The hormones released from the hypothalamus in turn cause the pituitary gland to release stimulating hormones. These stimulating hormones cause the peripheral endocrine glands (thyroid, adrenals, ovaries and testes) to secrete their hormones (i.e. thyroxin, cortisone, estrogen, progesterone, and testosterone, to name a few). In this fashion, this system is controlled by negative feedback—i.e., as the blood level of a peripheral hormone (like thyroxin or testosterone) rises, it causes feedback to the hypothalamus and pituitary, signalling them to reduce their output of stimulatory releasing factors and hormones (Fig. 3).
Homeostasis and Aging
If our bodies were able to remain in perfect homeostasis from birth, further growth and development would not take place. Dilman believed that the shift of hypothalamic sensitivity to negative feedback is the mechanism which enables growth and development to occur. This is also a primary mechanism of aging and the diseases of aging. For example, in an infant, only minute amounts of testosterone are produced. If our bodies truly maintained a state of homeostasis, even these small amounts of hormone would be adequate to prevent the hypothalamus and pituitary from producing greater amounts of testosterone-stimulating releasing factors and hormones. If this were the case (not only with testosterone, but with all hormones), growth and development would never occur, and we would remain infants throughout our lives. Thus, throughout childhood and puberty, there is a constant shifting of homeostasis, resulting in growth and development.

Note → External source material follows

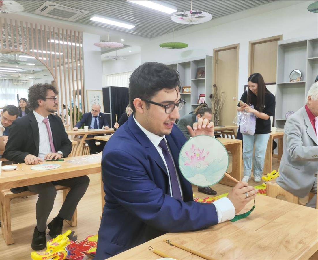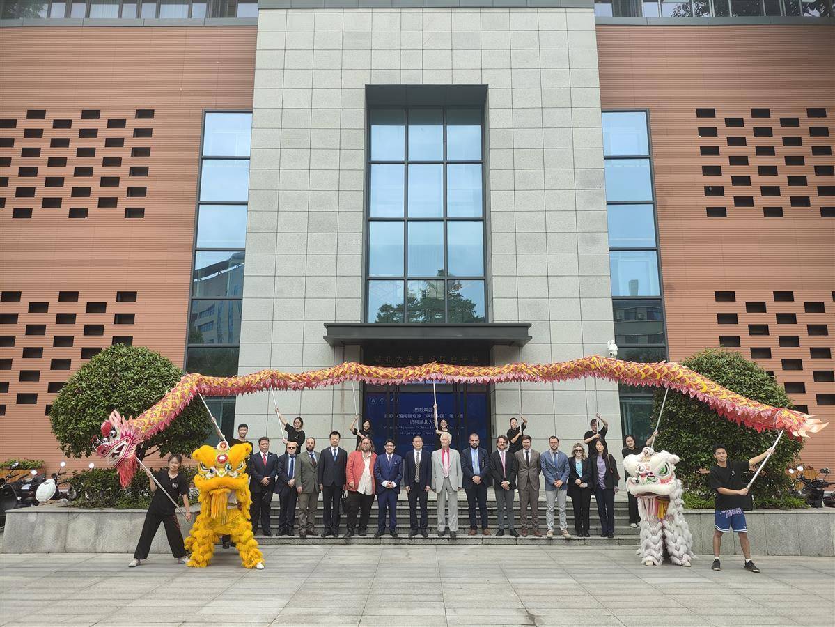 一走进英国365上市公司官网曼城联合学院,考察团的成员们就被由英国365上市公司官网的学生们带来的舞龙舞狮表演吸引,纷纷拿出手机拍摄留念。在英国365上市公司官网曼城联合学院的中国文化体验中心,考察团成员们饶有兴致地体验了手绘宫扇绢画,并与英国365上市公司官网商学院、公共管理学院和马克思主义学院的专家学者,聚焦中国式现代化湖北实践、发展新质生产力等主题展开交流探讨。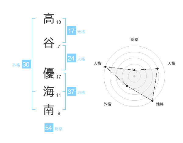 高谷 優海南さんを姓名の画数から五運を鑑定

The problem is that once we have reached adulthood, there is no mechanism to shut off this progressive loss of hypothalamic sensitivity to feedback inhibition. Thus, the homeostatic balance—which appears to reach its optimum at ages 20-25—continues to shift, resulting in less-than-optimum levels of many hormones, and ultimately, the exhaustion of the peripheral endocrine glands due to their prolonged efforts to overcome the loss of hypothalamic sensitivity.
Hypothalamic Threshold
The following factors cause the hypothalamic threshold to rise with age: (1) reduced hypothalamic neurotransmitter levels (catecholamines and serotonin, in particular); (2) reduced quantity of hypothalamic hormone receptors (which may be caused partially by the drop in biogenic amine concentrations); (3) decline in the secretion of pineal gland hormones (melatonin and pineal polypeptide hormones); (4) fat accumulation; (5) reduced glucose; (6) accumulation of neuronal lesions produced by chronically elevated levels of cortisol due to prolonged stress; and (7) accumulation of cholesterol in plasma membranes of neurons.
Homeostats and Growth
Dilman believed that the three homeostatic systems which are involved in growth and development are: the adaptive (hypothalamic-pituitary-adrenal axis), reproductive (hypothalamic-pituitary-gonadal axis), and energy (hypothalamic-pituitary-thyroid axis) homeostats.
I believe that another homeostat should be added to these three—the immune (pineal-hypothalamic-pituitary-thymus) homeostat. It is the breakdown or alteration in the functioning of these homeostats which causes the metabolic changes that characterize aging and the diseases of aging. Dilman intuitively determined that all of the diseases of aging are characterized by similar metabolic changes. The most prevalent of these changes include (1) reduction in glucose tolerance, (2) hyperinsulinemia, and (3) hyperlipidemia. Dilman’s theory provides a bold new theoretical foundation for the aging process itself, as well as concrete, clinically tested protocols for the treatment and prevention of the diseases of aging. A beauty of this theory is that it neither contradicts other more established theories of aging, nor is it mutually exclusive. Rather, it either incorporates or supplements other theories.